People on Twitter might call this a "Humblebrag."
I'm calling it a "brag" because I like to be honest about all of my amazing accomplishments.
We all know I have blogged about GEL about a thousand (3-4) times in the last month.
One of you is nodding her head in agreement (thanks Misie).
Five of you are just nodding off.
Three of you are wondering how you got to this page by googling "Kim Jong Il."
And the majority of you can't actually read because you're under the age of 3 and arrived here by chance because Mommy forgot to close her laptop.
All this to say that my recent posts surrounding GEL and NYC and hating pretty talented people and realizing just how how dumb I really am has finally paid off.

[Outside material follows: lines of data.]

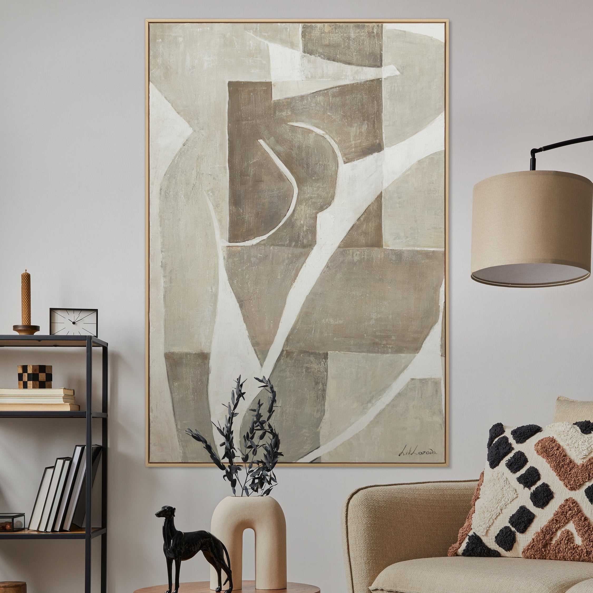 Esta pintura acrílica hecha a mano atrae todas las miradas con su elegante uso de los tonos beige y sus formas minimalistas, ideal para los amantes del arte moderno que aprecian la elegancia y la sencillez.
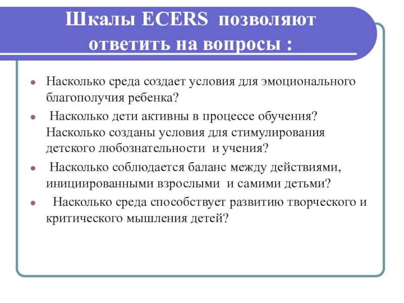 Слайд 4Шкалы ECERS позволяют ответить на вопросы :
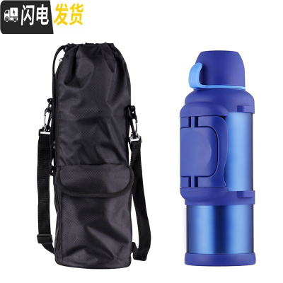 三维工匠真空保温水壶2000大容量家用保温壶不锈钢户外旅行热水瓶定制杯 1600蓝色带壶套
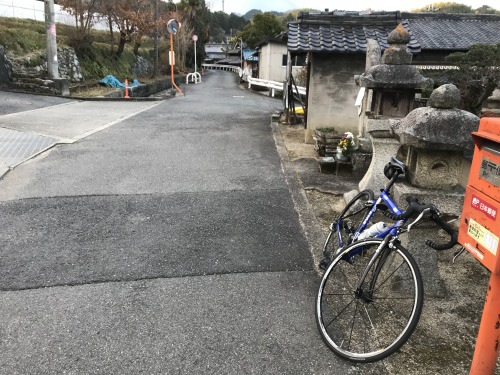 お気に入りコース途中にある、そんな名もなき街道。国道を分岐して集落を抜け、またすぐに国道に吸収されるのですが、生活感が程よく残った道です。こんな感じでよさそうな道があったら寄り道をしてみます。・・・中には名も無き街道を辿っていくもニュータウンの中で忽然と道が消えてしまったりもします。「この道がどこに続いているのだろう!?」という旅の原点が面白い。
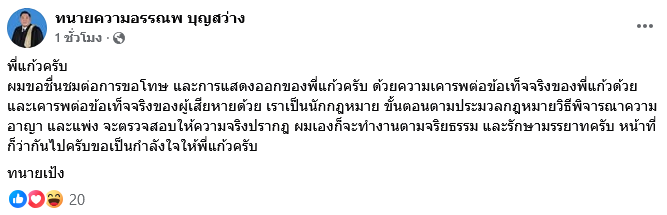 ล่าสุด ด้านทนายเป้ง ซึ่งเป็นทนายความของครอบครัวน้องผู้หญิงวัย 18 ปี ได้ตัดสินใจออกมาโพสต์ข้อความถึง ทนายเเก้ว ผ่านเฟซบุ๊กส่วนตัว ทนายความอรรณพ บุญสว่าง โดยระบุว่า พี่แก้วครับ ผมขอชื่นชมต่อการขอโทษ และการแสดงออกของพี่แก้วครับ ด้วยความเคารพต่อข้อเท็จจริงของพี่แก้วด้วย และเคารพต่อข้อเท็จจริงของผู้เสียหายด้วย

The creator/MC/host behind GEL, Mark Hurst, read my GEL recap and well, let's just say, he and my post are going steady now. OK, not true. But he did like it and posted it to his Twitter and also to his GEL recap page. So, I'm pretty famous now. So famous that if you go to his recap page, you'll notice I'm listed as "Kimi." Just "Kimi." I don't need a last name. That's the kind of status I'm reppin' these days.
Oh, Madonna? Cher? Move a little to the left, please; you're in my light, thanks....mm...what's that? You want me to get you a medium 2-pump vanilla 183-degree no foam latte double-cupped? Right away!